[[ Available data open ]]

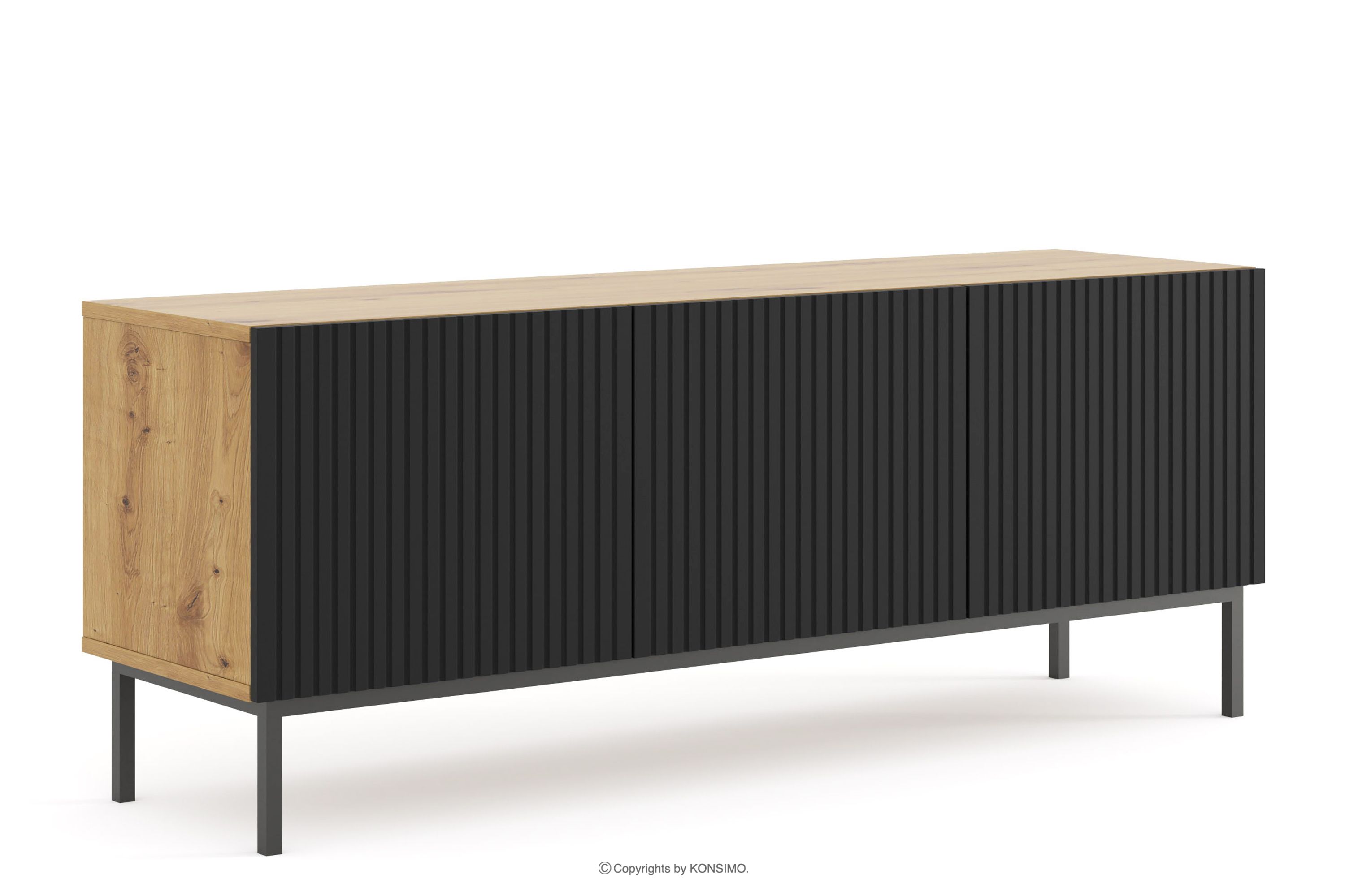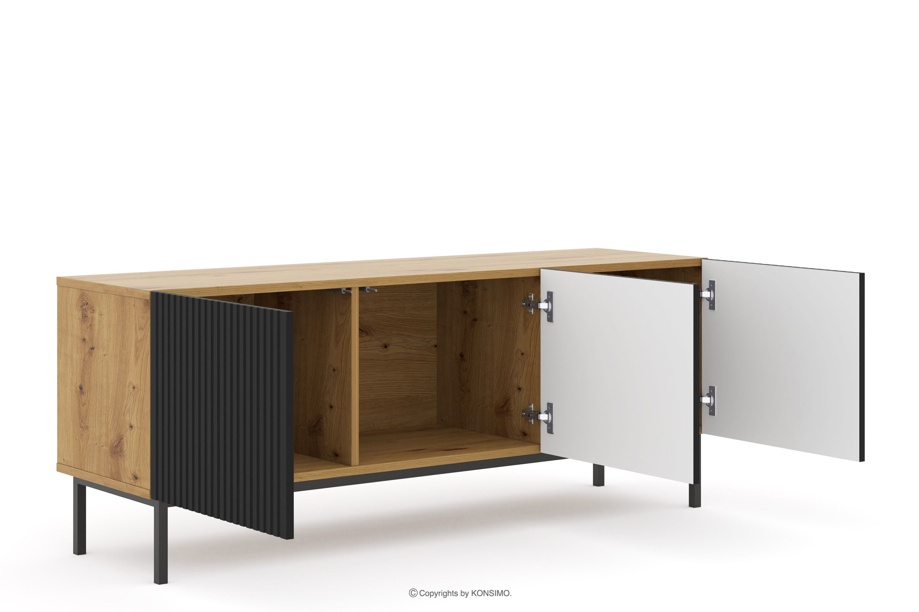 REMO Mehr aus der Kollektion Großer TV-Schrank auf handwerklich gefertigten Beinen aus Eiche/Schwarz- Farbe artisan eiche/schwarz
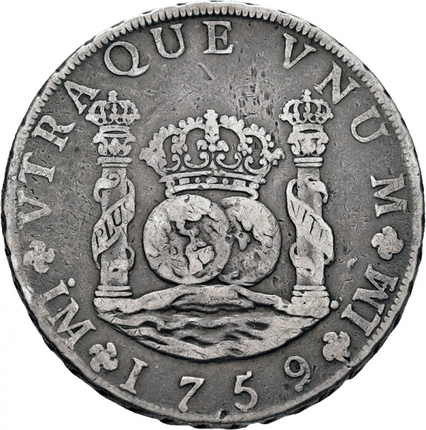 Moneda 1759 Fernando VI Lima JM 8 Reales M.B.C.
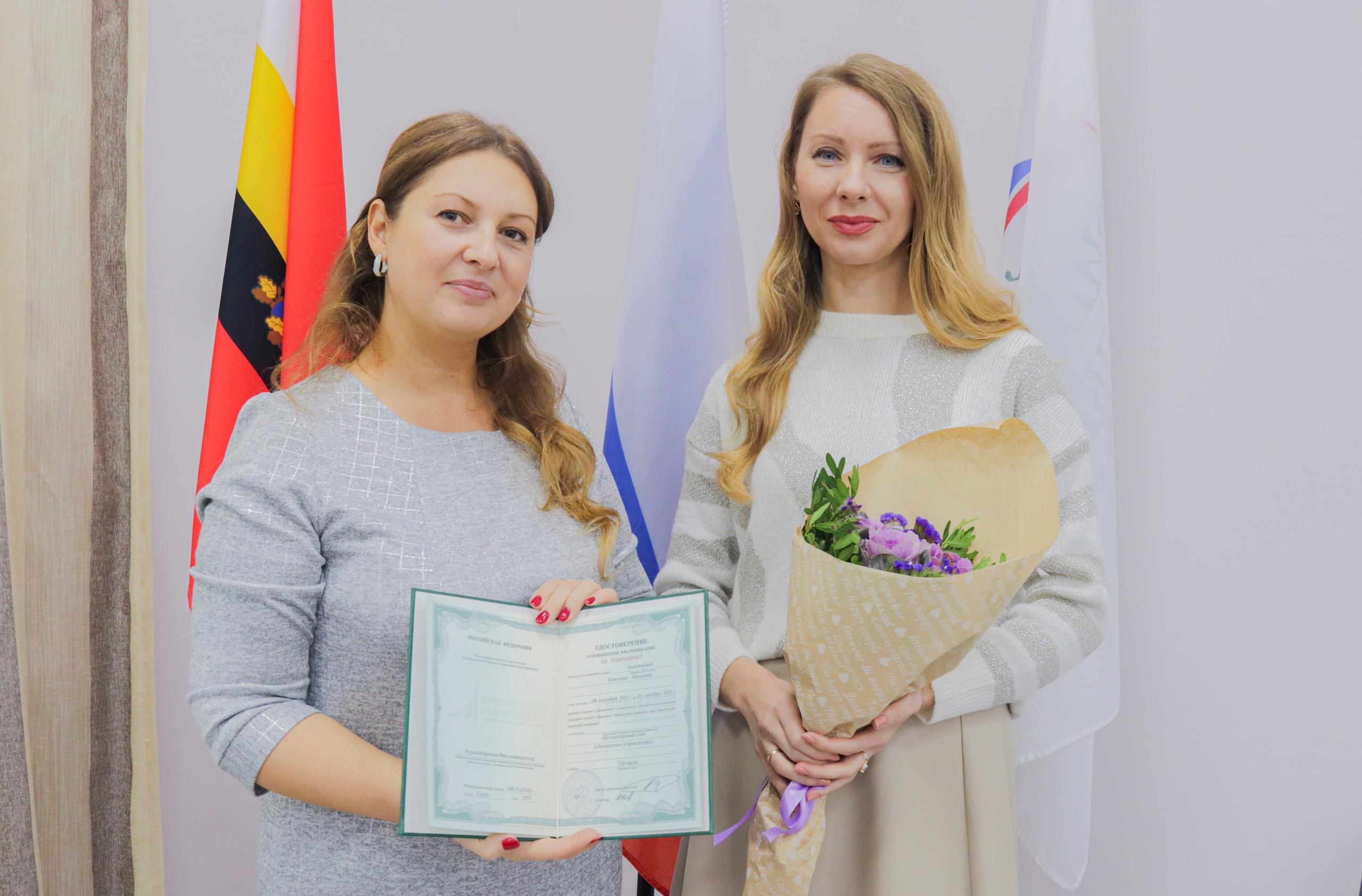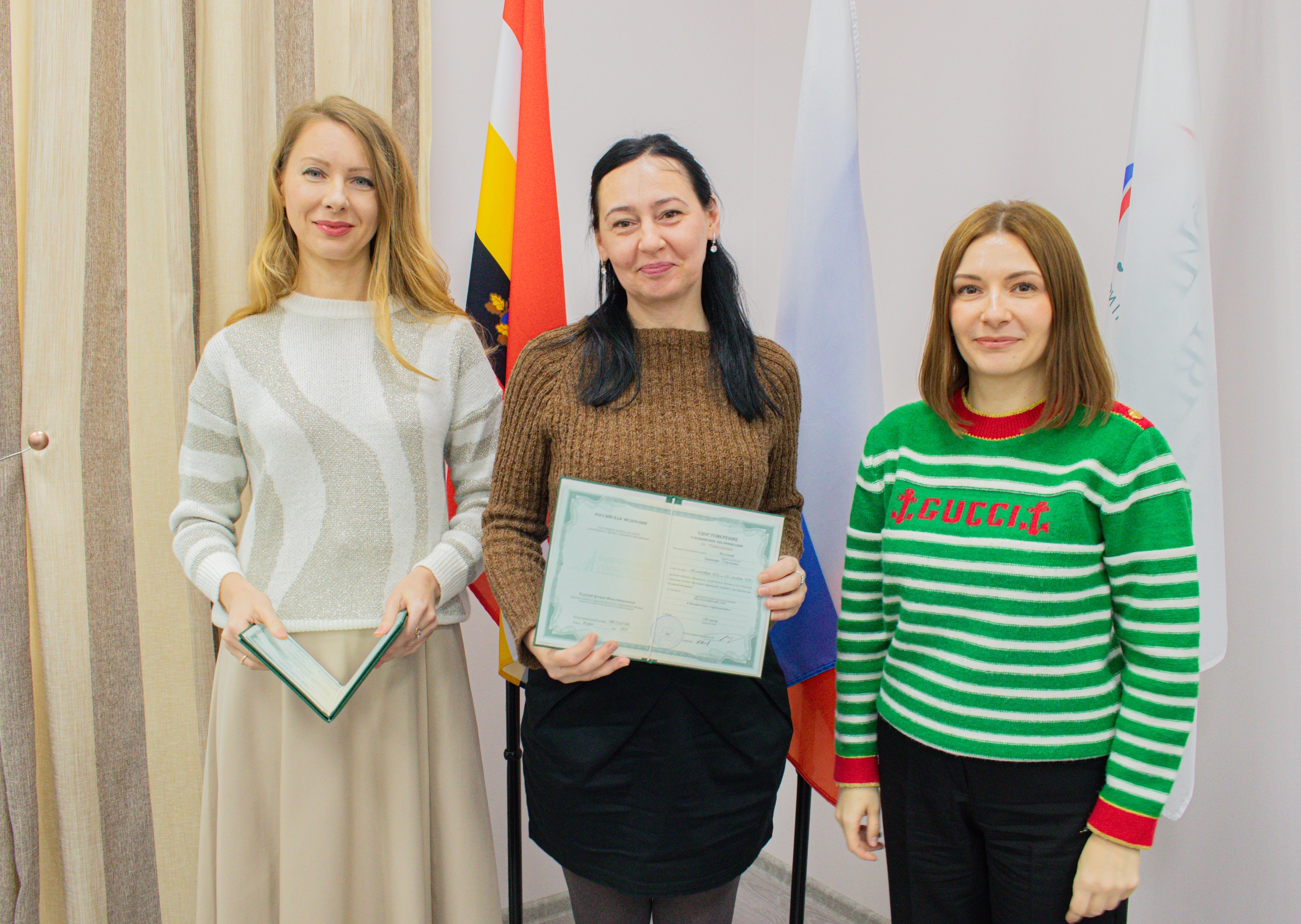 Во время вручения удостоверений преподаватель программы Ксения Евгеньевна Азжеурова поздравила выпускников с окончанием занятий и рассказала о возможностях развития карьеры бухгалтера в бюджетной сфере

[[ Available data closed ]]

All that is wanted is each line, word for word, from the first line of the data to the one holding "Moneda 1759 Fernando", with the pictures left out.

 REMO Mehr aus der Kollektion Großer TV-Schrank auf handwerklich gefertigten Beinen aus Eiche/Schwarz- Farbe artisan eiche/schwarz
 Moneda 1759 Fernando VI Lima JM 8 Reales M.B.C.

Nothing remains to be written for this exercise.